» **PROMPT**: Repeat only the lines below from the one containing "PHIẾU ÔN TẬP" through the one containing "Selling a set", inclusive, exactly as written.

» **DATASET RECORDS**:
━━━

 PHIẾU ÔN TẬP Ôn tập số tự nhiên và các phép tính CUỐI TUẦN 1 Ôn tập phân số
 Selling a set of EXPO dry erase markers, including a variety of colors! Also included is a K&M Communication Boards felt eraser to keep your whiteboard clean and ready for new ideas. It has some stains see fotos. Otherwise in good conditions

━━━

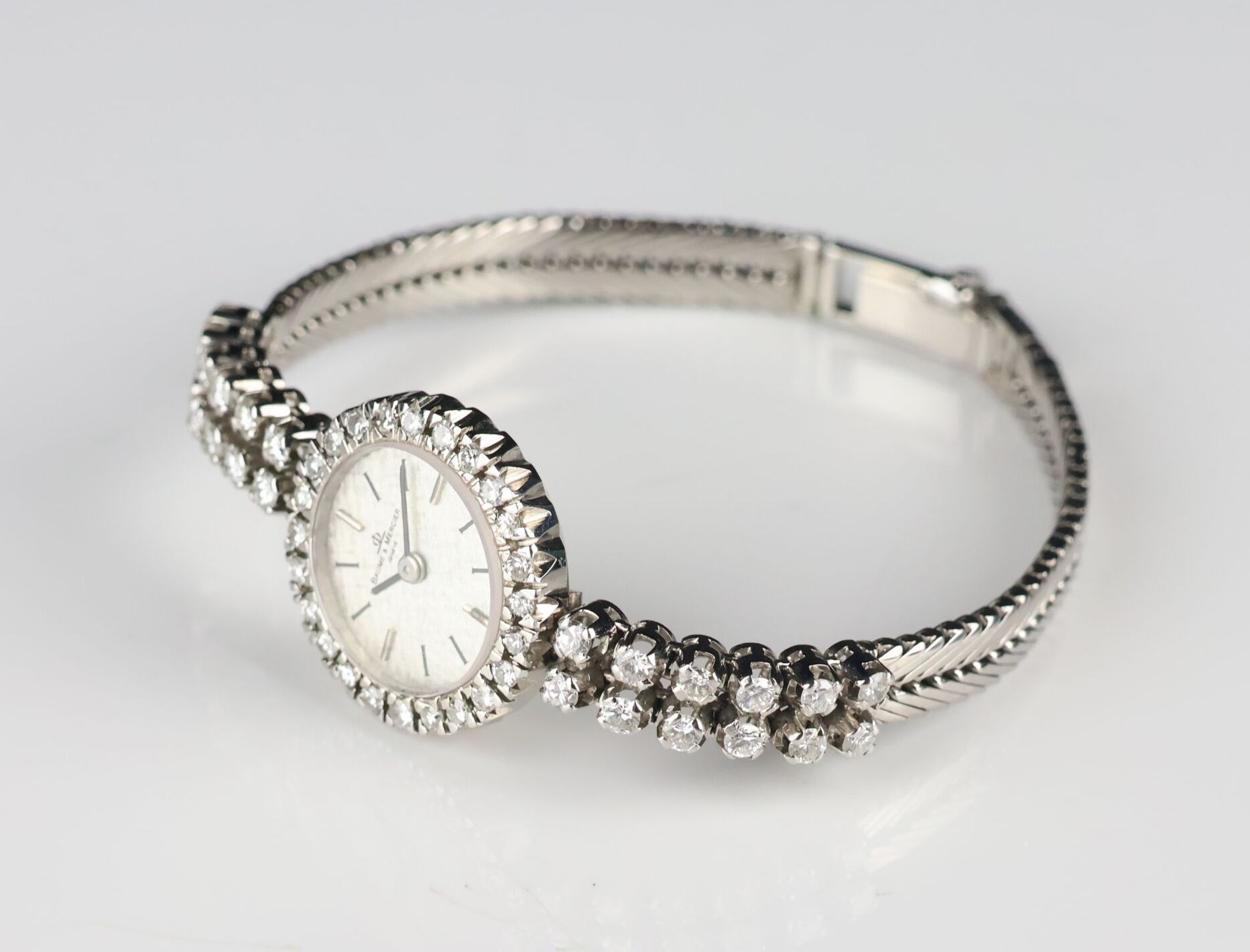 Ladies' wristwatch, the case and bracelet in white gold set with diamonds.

━━━

» **SOLUTION FOR THIS EXERCISE**:
 PHIẾU ÔN TẬP Ôn tập số tự nhiên và các phép tính CUỐI TUẦN 1 Ôn tập phân số
 Selling a set of EXPO dry erase markers, including a variety of colors! Also included is a K&M Communication Boards felt eraser to keep your whiteboard clean and ready for new ideas. It has some stains see fotos. Otherwise in good conditions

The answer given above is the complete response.